The nature of the problem seems to boil down to mapping this 2D, highly-connected topological mesh grid into a 1-dimensional space with good locality. It's why I think these basic algorithms don't fare too well: the connectivity and seamlessness of the mesh makes it impossible to map the mesh very effectively by a heuristic that traverses it in its entirety.

It's similar to texture atlas mapping where we're trying to take the 3D mesh and 'unfold' it and map it into a flat 2D space. To even solve the problem, we often need to introduce seams into the mesh so that we can break it down into 2D islands of connectivity. Here we're similarly going from 2D graph space to break it down into islands with good locality in 1D memory space.

So I think an optimal algorithm would break the mesh down into segments (sections) this way and apply these types of algorithms on each segment. This way we get good 1D memory locality within a given segment of the mesh, with the pathological cases being the outliers at the boundaries of each segment where the vertices are shared with other segments.
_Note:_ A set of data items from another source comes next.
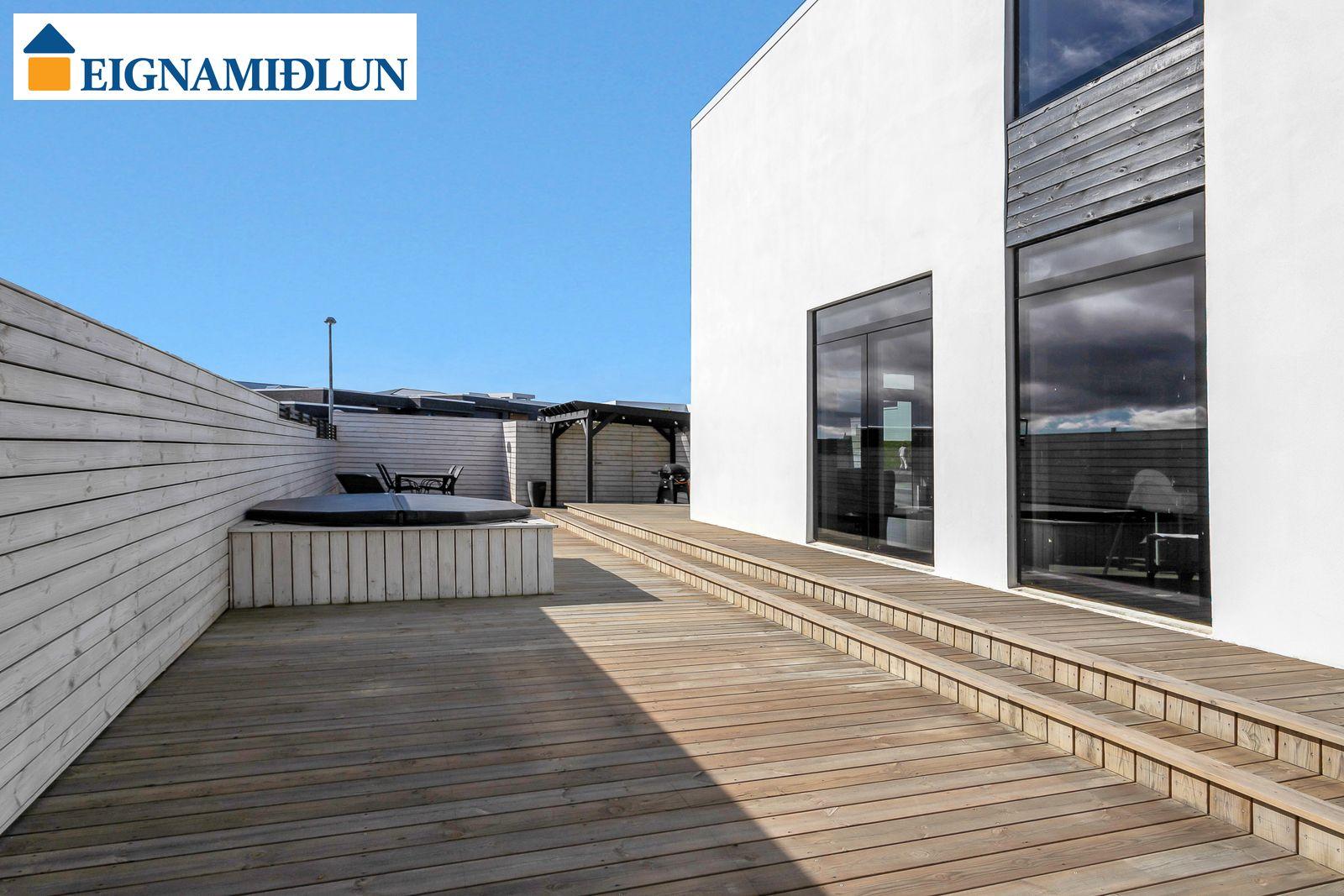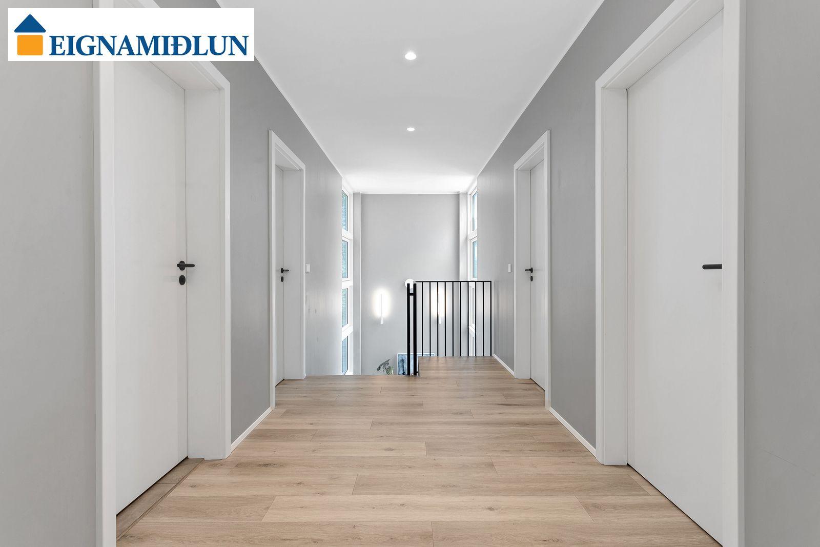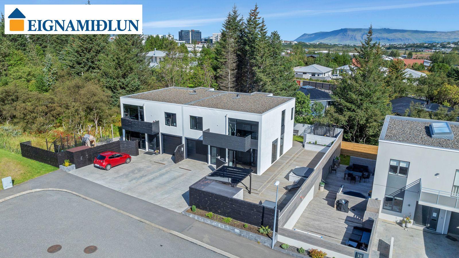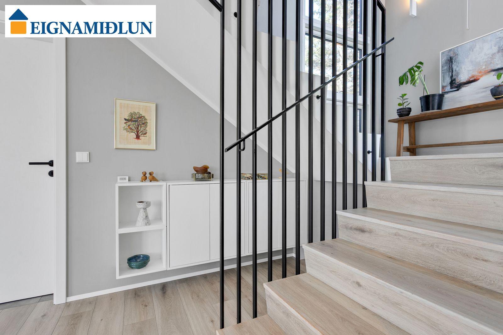 Fallegt og vel skipulagt 181m² parhús á tveimur hæðum. Fimm svefnherbergi, stór timburpallur með heitum potti. Steypt upphitað bílaplan þar sem pláss er fyrir tvo bíla, þriggja fasa rafhleðslustöð. Örstutt er í alla þjónustu, skóla, leikskóla og frábærar gönguleiðir allt í kring. Góð eign á þessum eftirsótta og fallega stað.Samkvæmt skráningu HMS er birt flatarmál eignarinnar 181m², flatarmál íbúðarrýmis er 163,3m² og flatarmál bílskúrs er 17,7m². Fyrirhugað fasteignamat 2026 kr. 148.750.000.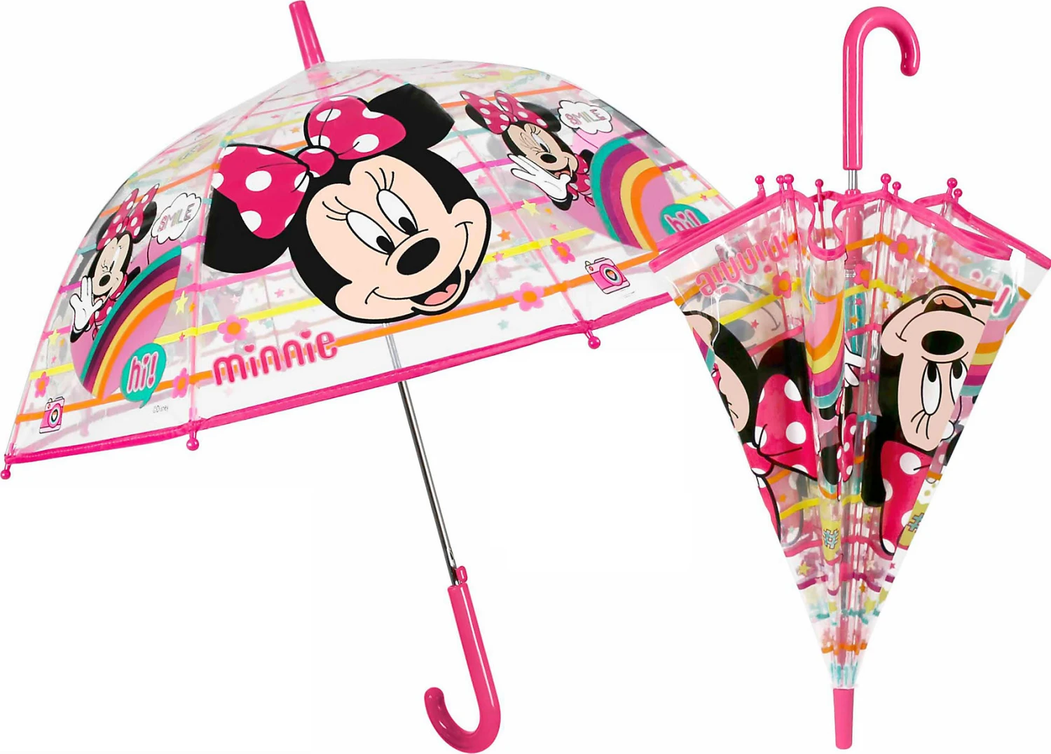 Der P:OS Kinderschirm Minnie Mouse ist transparent und zeigt sich mit tollen Motiven. Der Schirm hat einen gerundeten Griff, der von Kinderhänden gut gehalten werden kann.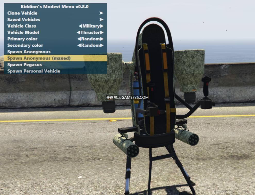 replyreload += ',' + 2175236; 使用方法:1.下載外掛2.啟動GTA5並等待遊戲完全加載3.啟動外掛4.默認按鍵包括:<F5>顯示/隱藏菜單,<Numpad 0>返回,<Numpad 8>和<Numpad 2>在菜單選項中向上/向下。<Numpad 4>和<Num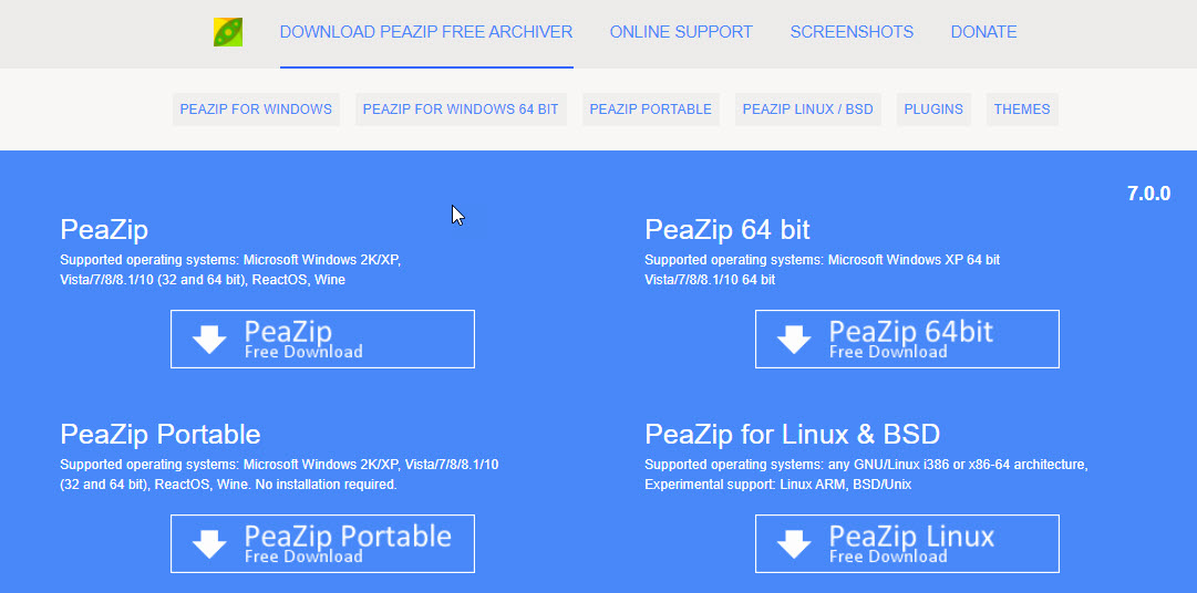 這裡,如果是想要壓縮檔案支援 7z, FreeArc's arc/wrc, sfx (7z and arc), bz2, gz, paq/lpaq/zpaq, pea, quad/balz/bcm, split, tar, upx, wim, zip,如果只是解壓縮的話超過 180 種格式,當然 rar、zip、7zip 這類常見檔案是沒問題的。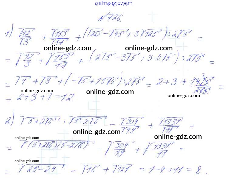 Готовые домашние задания по Алгебре за 8 класс Учебник Алимов, Колягин 2014 - Упражнения 726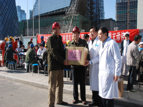 党委书记杨晋翔、副院长王庆甫代表第三附属医院为央视文化中心复建工地的工人免费捐赠了千元以上的预防流感等常用药品,专家们还并针对建筑施工作业和冬季预防易发疾病向工人进行宣传和咨询。此次义诊共为300多名工人进行了健康检查和健康咨询,发放中医健康科普宣传材料1000多份。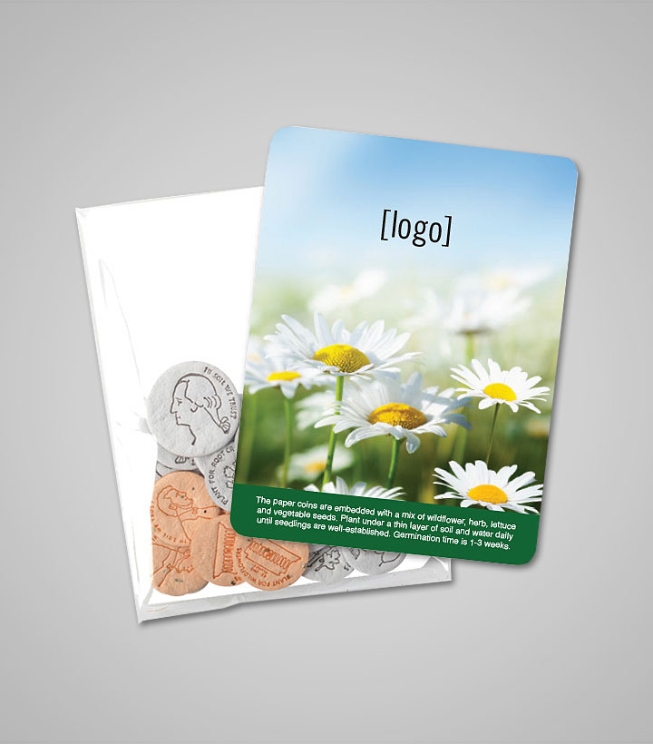 Grow money, literally! These Every-Day themed seed paper coin gift packs are handmade, letterpress printed coins on our thickest, most luxurious seed paper. Each coin pack includes a 3" x 4" printed backer card with stock design as shown on one side. Art shown is stock and included with this item. Just send us your logo or message and we'll set up a proof for you to review! Personalize the second side with your artwork in full color or leave blank.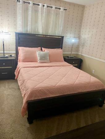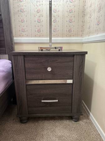 1 Nightstand has 2 drawers, along with an elegant modern chandelier table lamp.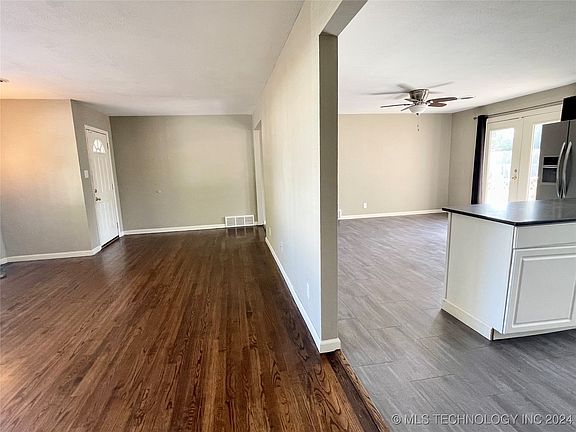 Gorgeous 3 bedroom, 2 bathroom home on East side of Muskogee! Home has large kitchen with island, tons of cabinet space, natural light, stainless steel appliances (including double oven), and beautiful vinyl flooring. Living room and bedrooms have stunning original hardwood floors in excellent condition. Large fenced back yard with entertaining deck. Oversized 2 car garage + so much more.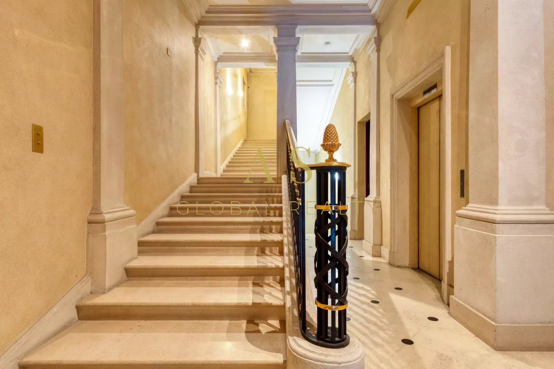 La discrète grille d’entrée et son élégante allée arborée ne laissent en rien présager du caractère grandiose de la bâtisse en pierre de taille dont chaque niveau est desservi par un large ascenseur prévu pour 6 personnes.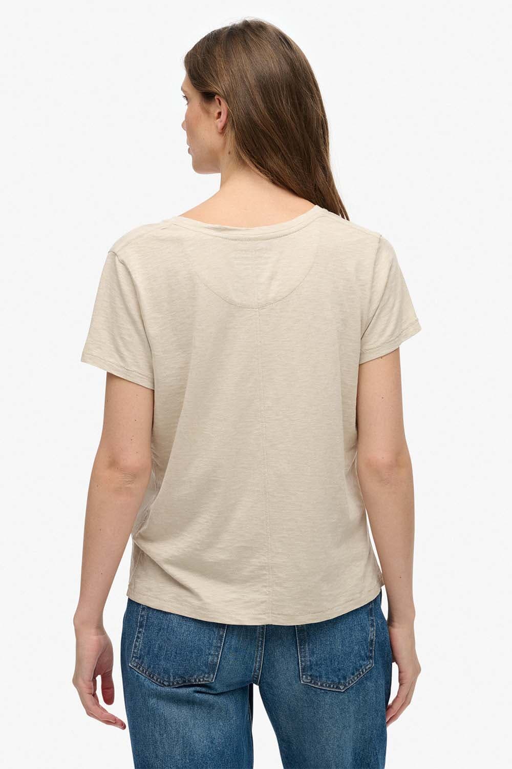 T-shirt Slub van Superdry is een casual dames T-shirt met een V-hals en korte mouwen. Het effen patroon maakt het veelzijdig voor elke gelegenheid. Gemaakt van hoogwaardige materialen, biedt het comfort en stijl, perfect voor een ontspannen dagje uit.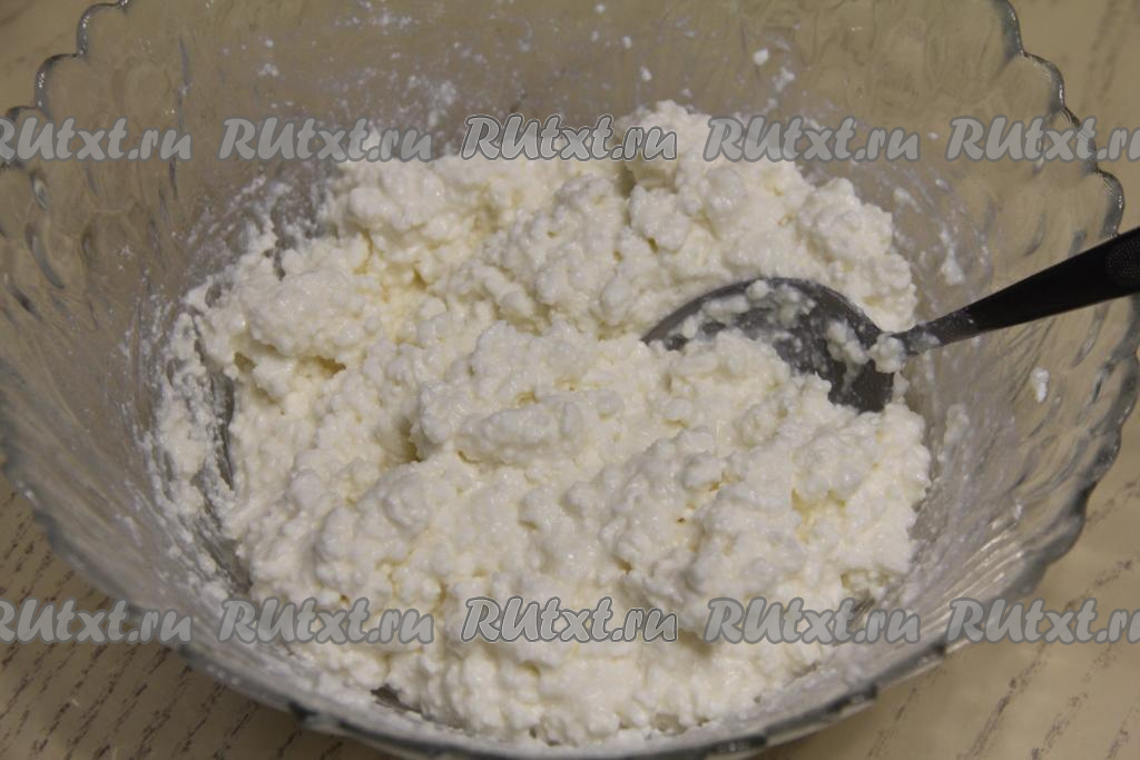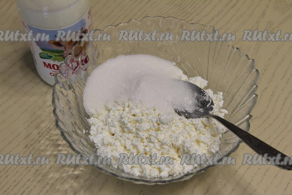 После того как тесто охладится в морозилке, приготовим начинку. Для этого в миске нужно соединить творог, сахар и ванильный сахар.

A variation of the breadth-first search could do this crudely if it only traversed to a breadth of K for a given centroid polygon, P, where K is some small number, before choosing a completely different P. That would isolate small connected 2D islands in a mesh that can be mapped to a 1-dimensional memory space with good locality within each island (just poor at the boundaries of those islands).

Anyway, I was mainly looking for formal algorithmic names for such a thing. I'm still not sure if this would be called 'sorting' -- perhaps I'm searching for the wrong thing.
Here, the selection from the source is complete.